If you have any questions about symptoms or side effects, or if any symptoms concern you, talk to your child’s doctor or nurse.

Reporting of side effects

If your child gets any side effects, talk to your doctor or nurse. This includes any possible side effects not listed in this leaflet. You can also report side effects directly via the national reporting system listed in By reporting side effects you can help provide more information on the safety of this medicine.

5. How to store Strimvelis

The following information is intended for doctors only.

Keep this medicine out of the sight and reach of children.

Do not use this medicine after the expiry date and time (EXP) which is stated on the container label and infusion bag label.

Store at 15–30 °C.

This medicine contains genetically-modified human cells. Unused medicine or waste material must be disposed of in compliance with the local guidelines on handling human-derived material. As this medicine will be given by a qualified doctor, they are responsible for correct disposal of the product. These measures will help protect the environment.

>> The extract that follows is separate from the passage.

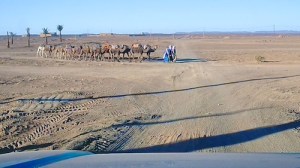 The night was not as cold as the previous, but still quite chilly. The rising sun warmed everything quickly. While having breakfast, we packed up, said goodbye to the neighbours and hit the road. We did not even leave the hotel and already had to encounter the first obstacle. A caravan of 14 dromedaries,led by three men, crossed our path on their way into the dunes to welcome the tourists for a ride.

6. Contents of the pack and other information

What Strimvelis contains

– The active substance is an autologous (the patient’s own) CD34+ enriched cell fraction that contains CD34+ cells transduced with retroviral vector that encodes for the human ADA cDNA sequence. The concentration is 1–10 × 106 CD34+ cells/mL.
– The other ingredient is sodium chloride (see section 2, “Strimvelis contains sodium”).

What Strimvelis looks like and contents of the pack

Strimvelis is a cloudy to clear, colourless to pink dispersion of cells for infusion, which is supplied in one or more infusion bags. The infusion bags are provided in a closed container.

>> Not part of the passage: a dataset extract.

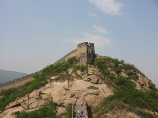 14年前还在念小学的我到过八达岭长城,一处长长的近乎垂直的阶梯,延绵的长城和顶峰好汉坡至今仍深深的留在我的脑海。在北京读书的第一个五一节,我选择去了八达岭长城。五月的北京天气非常不错。晴朗但不炎热。蓝天白云下,群山起伏,深色的长城匍匐在青山之颠,连绵不绝。待在城里久了,腿脚早就跃跃欲试,踏上长城便有向上奔跑的冲动,仿佛我就是那古时守城的战士。对于从小山里长大的我来说,八达岭的坡度实在算不上什么,何况长城上是那么的平坦宽敞。只是中间有一段确实比较陡峭些罢了。爬到海拔868的好汉坡,迎着山风站立,抚摸城墙,用心感

Marketing Authorisation Holder

Orchard Therapeutics (Netherlands) BV

Prins Bernhardplein 200,

1097 JB Amsterdam,

the Netherlands

Manufacturer

AGC Biologics S.p.A.

58 Via Olgettina

20132

Milan

ITALY

This leaflet was last revised in MM/YYYY.

Other sources of information

Detailed information on this medicine is available on the European Medicines Agency web site: There are also links to other websites about rare diseases and treatments.

This leaflet is available in all EU/EEA languages on the European Medicines Agency website.

The following information is intended for healthcare professionals only:

Precautions to be taken when handling or administering the medicinal product

Healthcare professionals handling Strimvelis should take appropriate precautions (wearing gloves, protective clothing and eye protection) to avoid potential transmission of infectious diseases.

Strimvelis is transported directly to the medical facility where the infusion will be administered. The infusion bag(s) is/are placed inside a closed outer container. The bags must be kept in the outer container until ready to use.

Strimvelis is intended solely for autologous use. The identity of the patient must be matched with the essential unique patient information on the primary and/or outer container prior to infusion.

Gently agitate the infusion bag to re-disperse any cellular aggregates, administer using a transfusion administration set with filter to remove any remaining cellular aggregates.

Precautions to be taken for the disposal of the medicinal product

Local guidelines on handling human-derived material should be followed for unused medicinal product or waste material. All material that has been in contact with Strimvelis (solid and liquid waste) should be handled and disposed of as potentially infectious waste in accordance with local guidelines on handling human-derived material.

Accidental exposure

Accidental exposure to Strimvelis must be avoided. Local guidelines on handling of human derived materials should be followed in case of accidental exposure, which may include washing of the contaminated skin and removal of contaminated clothes. Work surfaces and materials which have potentially been in contact with Strimvelis must be decontaminated with appropriate disinfectant.